The Diversity Distortion
In 1996, Alan Sokal, a professor of physics, submitted a hoax article to Social Text, a journal of postmodern cultural studies, which published it. Last year, in what became known as the Sokal Squared hoax, James Lindsay, Helen Pluckrose, and Peter Boghossian created 20 fake papers that they submitted to several cultural studies journals. Seven of them had been selected for publication at the time the hoax became public.
The point of the Sokal Squared hoax was to highlight the lack of rigor in what the authors of the hoax called “grievance studies,” academic programs addressing issues of race, gender, sexual orientation, and identity. But in the uproar over the hoax, a more fundamental question has been overlooked.
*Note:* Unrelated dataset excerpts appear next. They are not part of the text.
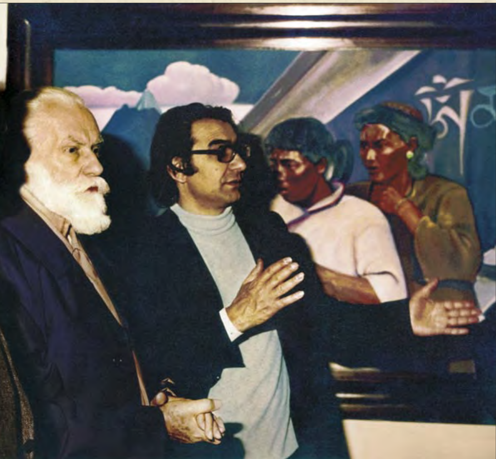
Святослав Рерих и выдающийся болгарский художник, заместитель председателя Комитета культуры Болгарии Светлин Русев. 1978

исполнения программы было готово, из Индии уже прислали материалы для выставки Николая Рериха». После дипломатических переговоров на разных уровнях благодаря доброжелательному отношению советского посла в Болгарии Владимира Базовского советская сторона дала свое принципиальное согласие, но с существенными оговорками — «не выдвигать на первый план вещи, кото-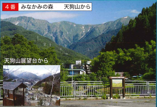
天狗山展望台から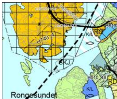
Kartutsnitt: Kommuneplanen sin arealdel.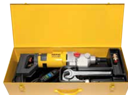
REMS Picus S3 Basic-Pack

Localizzatore elettronico del centro del foro, per determinare esattamente il centro in entrata e in uscita di fori passanti, vedi pagina 370.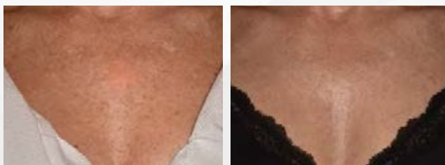
Antes y después de 2 tratamientos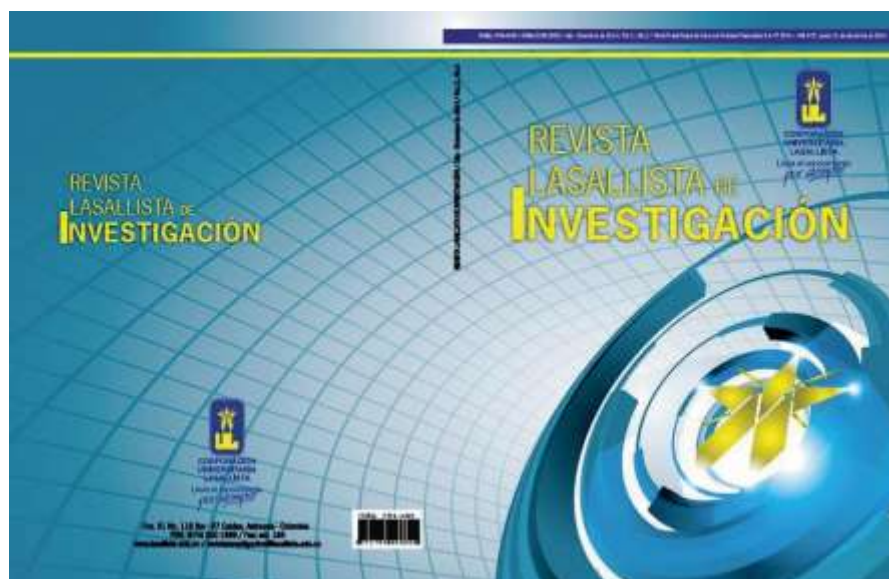
Imagen 5. Carátula de la Revista Lasallista de Investigación, Vol. 11, no. 2.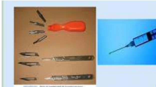
Resim 1.4: Delici Kesici Atıkların Yaralanmalara Neden Olabilmesi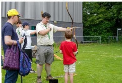
70. Attila Cserkészcsapat íjászfoglalkozása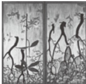
藤井達吉「草木図屏風」1916年頃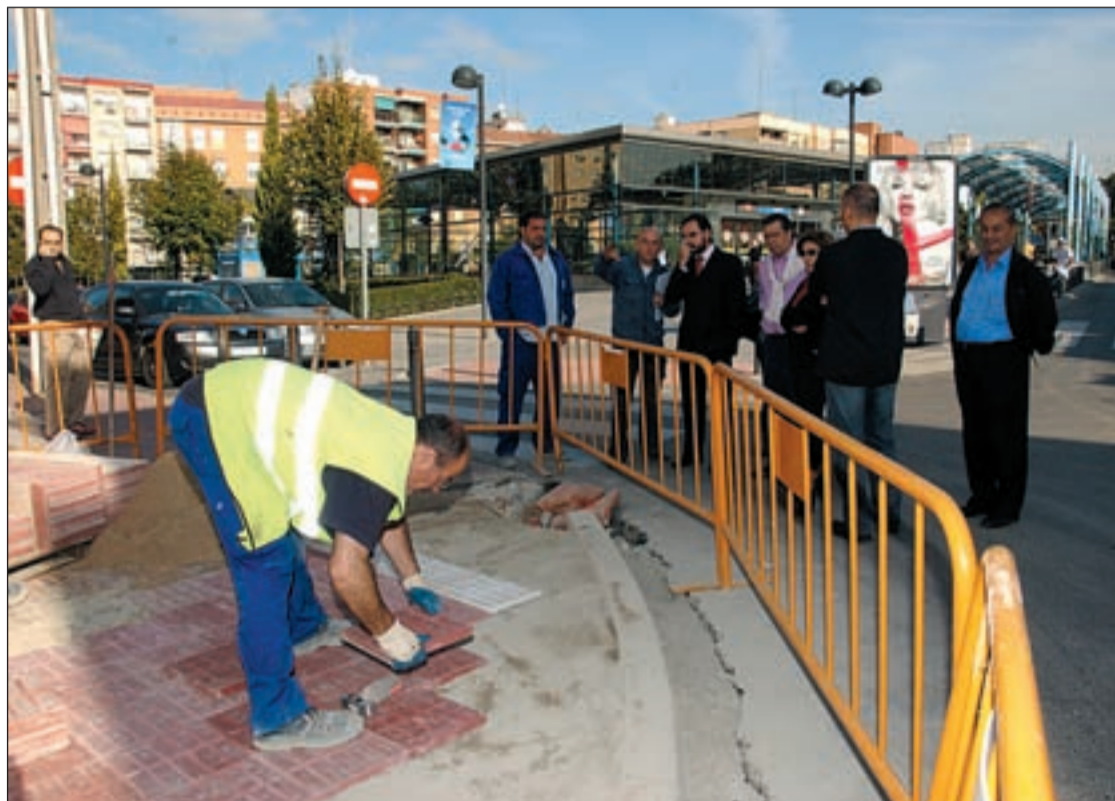
Un operario repara una acera en la calle Agustina de Aragón con Plaza del Pradillo

Cada distrito cuenta con dos cuadrillas de operarios para este tipo de obras, que son realizadas en un plazo máximo de diez días.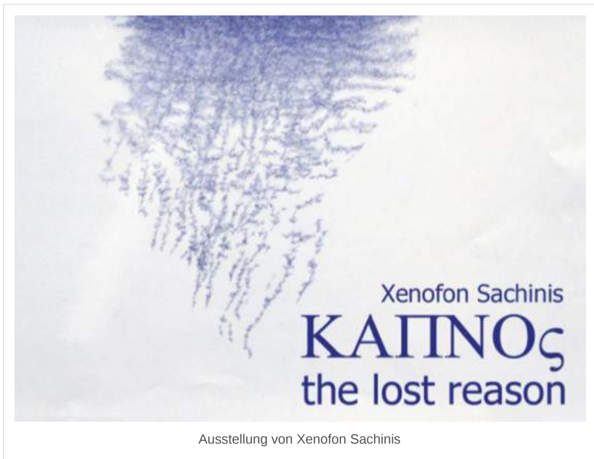
Ausstellung von Xenofon Sachinis

von Anton Launer • 8. Februar 2016 • Kommentare deaktiviert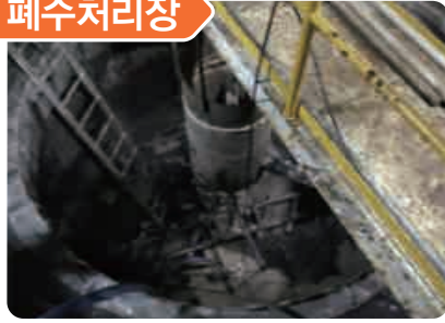
폐수처리시설 침전조내 센서교체 작업 중 황화수소 중독으로 1명 사망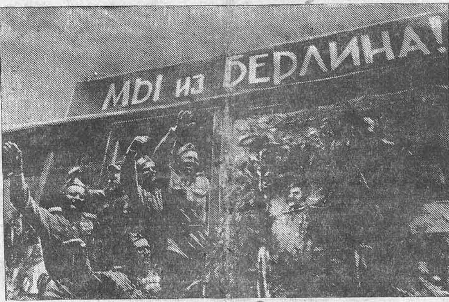
10 июля из Берлина отправился первый эшелон с демобилизованными из Красной Армии и возвращающимися на родину советскими бойцами. НА СНИМКЕ: группа бойцов-героев боёв за Берлин.

Лишь за четыре минуты до конца игры команда ЦДКА получила право на штрафной 11-метровой удар, и Демин избавил свою команду от «сухой». Газзель, игра вполна. Но динамовцы ринулись на ворота противника, и Бесков, красивым и точным ударом, довел счет до 4:1.

Why are there so many such programs? What accounts for the rapid proliferation of university departments devoted to the study of minority cultural identity?
Raising this question is not a disguised criticism of the existence of such departments. The cultural changes of the past four decades make African American, feminist, and LGBTQ studies legitimate and important fields of inquiry. The advent of such departments is a natural reaction to interesting new questions that need to be addressed to advance the university’s mission to seek truth and generate understanding. Whether the current programs are doing a good job of addressing these questions may be debated, but the study of cultural identity is a legitimate field of academic inquiry.
Nevertheless, in a time when academic resources are stretched thin and many traditional academic departments are facing retrenchment, it is reasonable to ask whether the continued expansion of these departments is justified. Is there something beyond their inherent academic value that is driving the growth of cultural studies programs at the expense of other departments and, perhaps, the overall health of the university?
The answer is yes. It is the contemporary university’s quest for a diverse faculty.